_To do_
Word for word, set down every line of the entries below from the line with "idealne rozwiązanie do" to the line with "HEADPHONES AND EARPHONES", including both, and no other line.

_Exercise data_
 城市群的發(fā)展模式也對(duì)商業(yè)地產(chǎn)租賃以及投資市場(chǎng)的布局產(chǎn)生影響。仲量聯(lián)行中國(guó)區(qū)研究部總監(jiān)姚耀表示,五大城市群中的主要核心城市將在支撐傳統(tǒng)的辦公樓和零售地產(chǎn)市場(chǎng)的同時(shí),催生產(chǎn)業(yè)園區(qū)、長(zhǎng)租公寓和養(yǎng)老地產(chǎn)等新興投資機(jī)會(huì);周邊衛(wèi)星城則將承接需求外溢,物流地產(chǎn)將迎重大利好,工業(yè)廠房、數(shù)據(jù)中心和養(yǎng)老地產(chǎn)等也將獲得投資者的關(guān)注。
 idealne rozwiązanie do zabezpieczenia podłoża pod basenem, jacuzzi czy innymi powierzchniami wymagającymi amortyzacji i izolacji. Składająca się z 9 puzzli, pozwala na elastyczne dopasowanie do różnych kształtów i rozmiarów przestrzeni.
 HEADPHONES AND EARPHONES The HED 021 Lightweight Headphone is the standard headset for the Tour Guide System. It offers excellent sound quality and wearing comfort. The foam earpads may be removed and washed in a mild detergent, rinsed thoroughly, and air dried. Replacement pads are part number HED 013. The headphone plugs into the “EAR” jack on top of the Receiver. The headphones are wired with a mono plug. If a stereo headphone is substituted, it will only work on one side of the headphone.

---

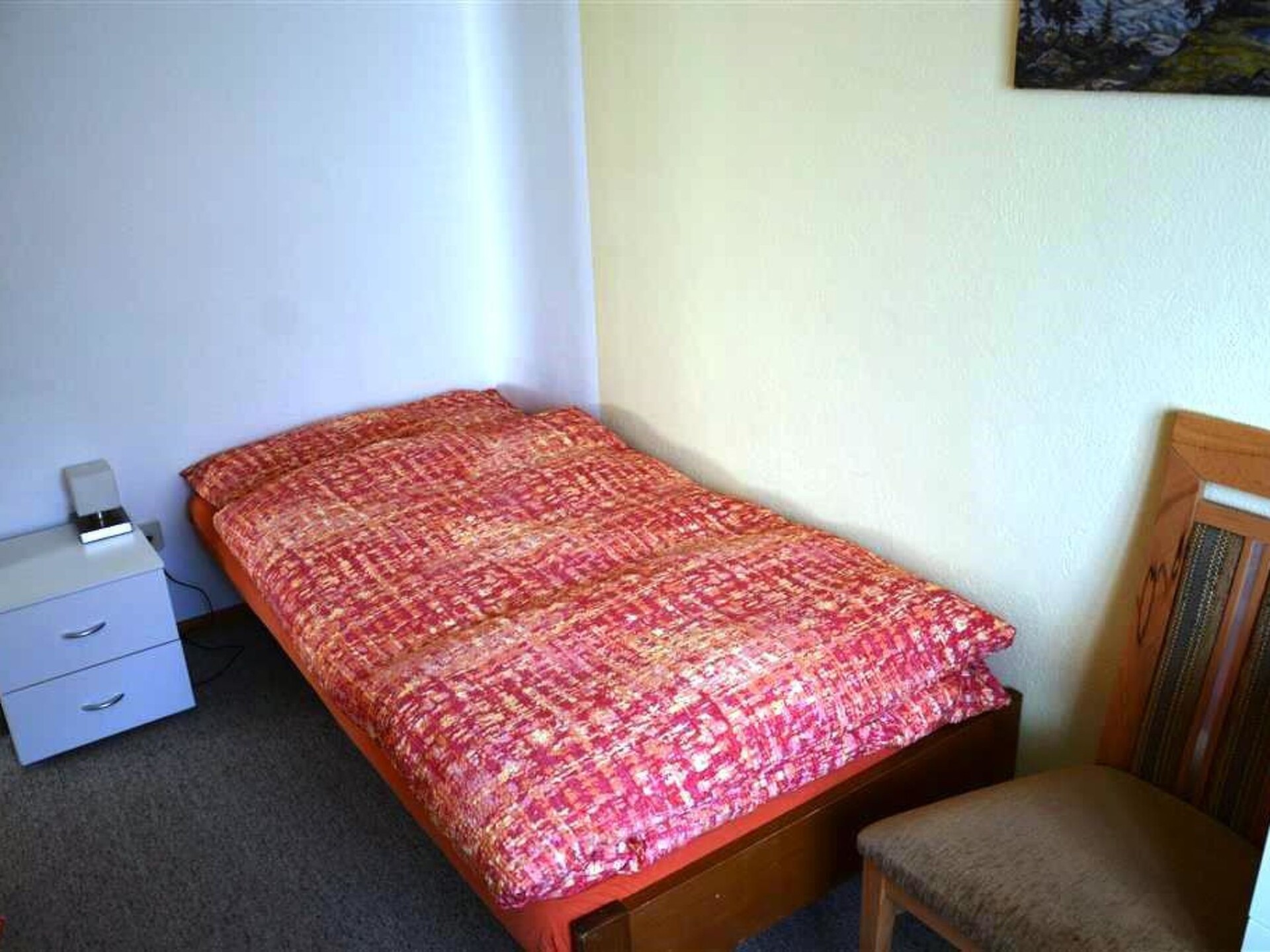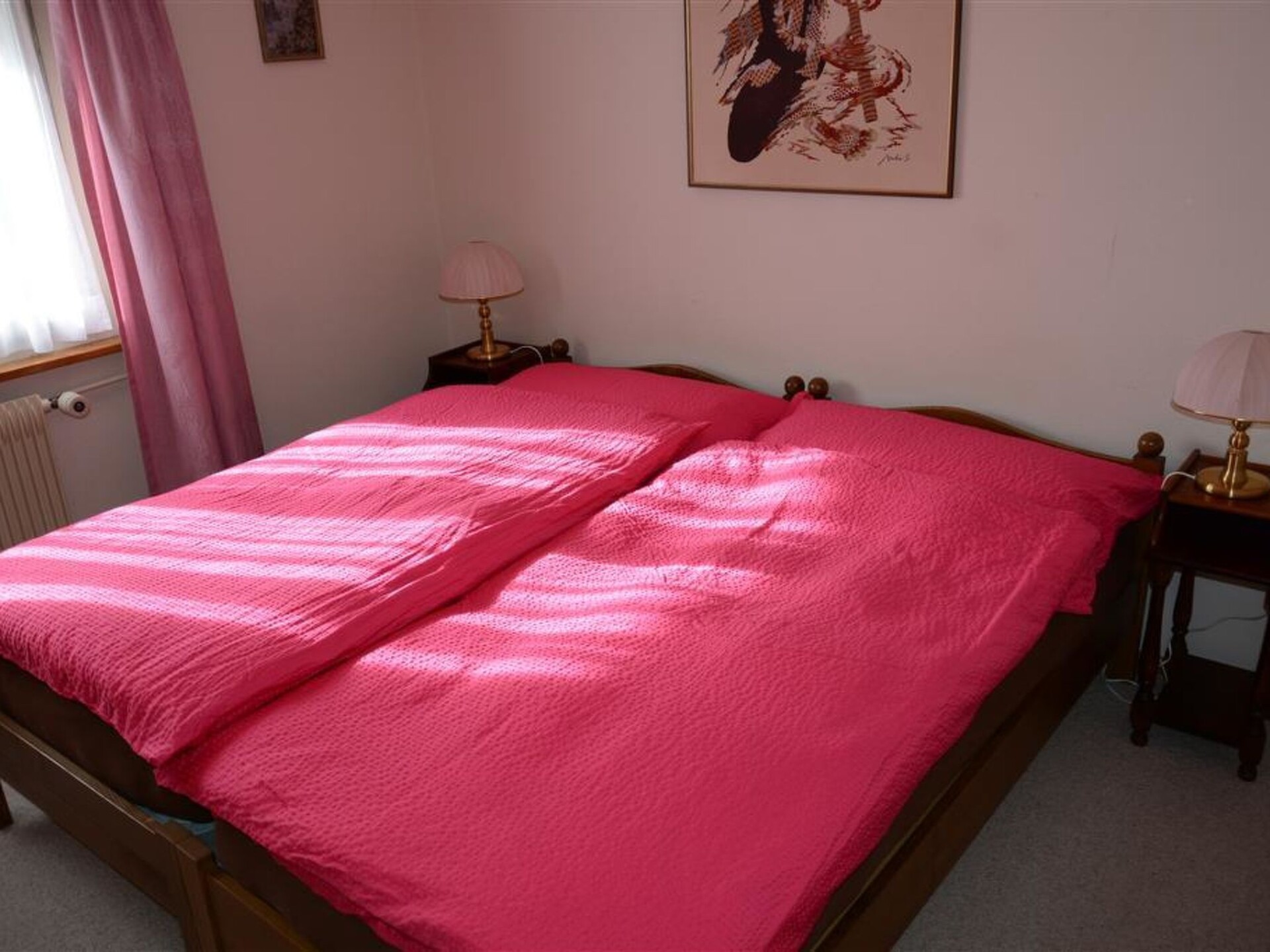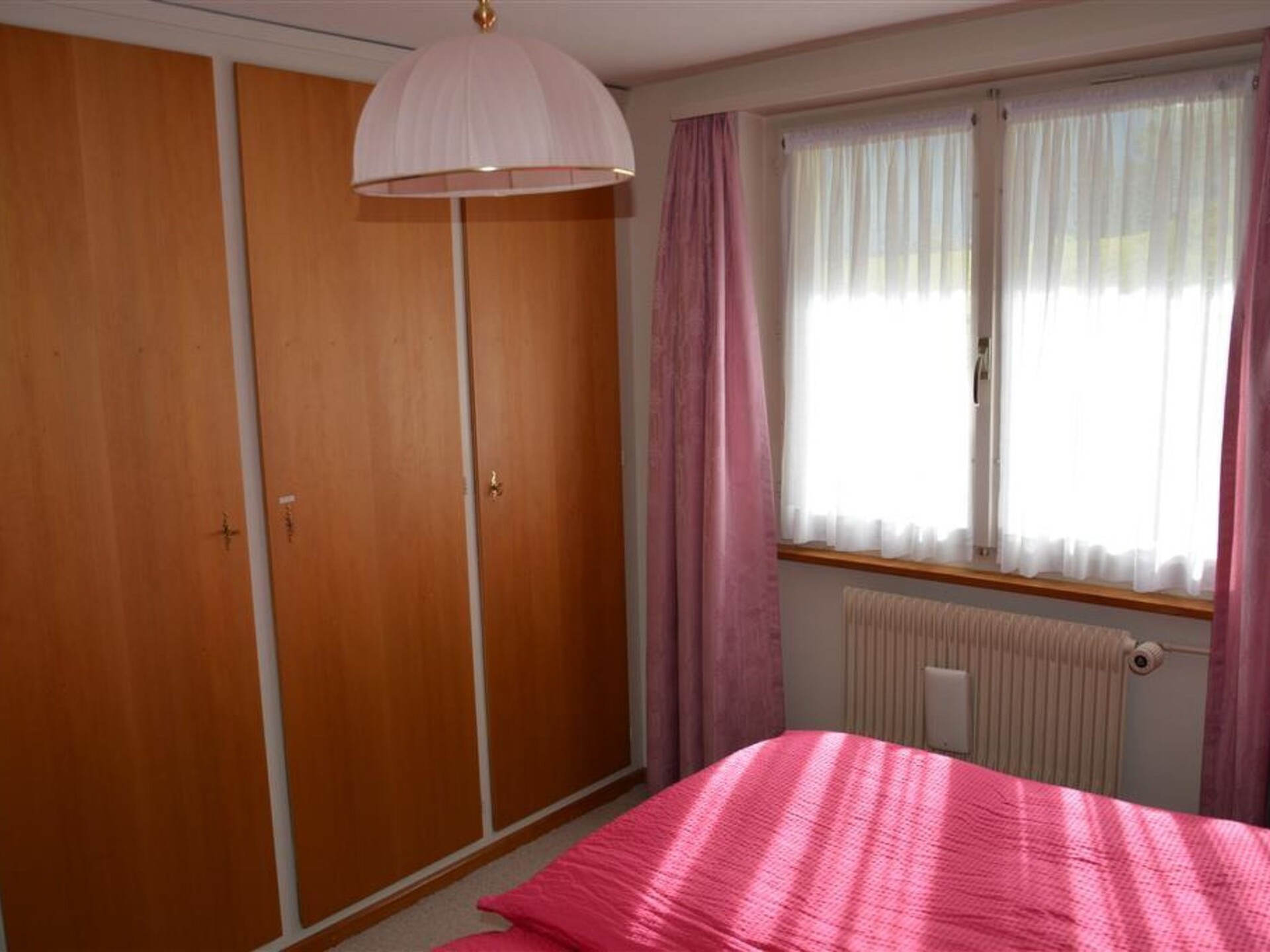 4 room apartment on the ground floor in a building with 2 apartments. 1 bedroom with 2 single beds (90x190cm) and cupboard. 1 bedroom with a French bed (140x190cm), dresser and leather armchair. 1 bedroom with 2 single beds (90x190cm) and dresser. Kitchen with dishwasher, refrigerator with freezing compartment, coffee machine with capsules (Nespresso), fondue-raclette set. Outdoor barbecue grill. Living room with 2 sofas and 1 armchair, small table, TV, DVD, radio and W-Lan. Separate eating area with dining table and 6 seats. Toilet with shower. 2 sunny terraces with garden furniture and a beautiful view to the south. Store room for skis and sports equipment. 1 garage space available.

_Expected answer_
 idealne rozwiązanie do zabezpieczenia podłoża pod basenem, jacuzzi czy innymi powierzchniami wymagającymi amortyzacji i izolacji. Składająca się z 9 puzzli, pozwala na elastyczne dopasowanie do różnych kształtów i rozmiarów przestrzeni.
 HEADPHONES AND EARPHONES The HED 021 Lightweight Headphone is the standard headset for the Tour Guide System. It offers excellent sound quality and wearing comfort. The foam earpads may be removed and washed in a mild detergent, rinsed thoroughly, and air dried. Replacement pads are part number HED 013. The headphone plugs into the “EAR” jack on top of the Receiver. The headphones are wired with a mono plug. If a stereo headphone is substituted, it will only work on one side of the headphone.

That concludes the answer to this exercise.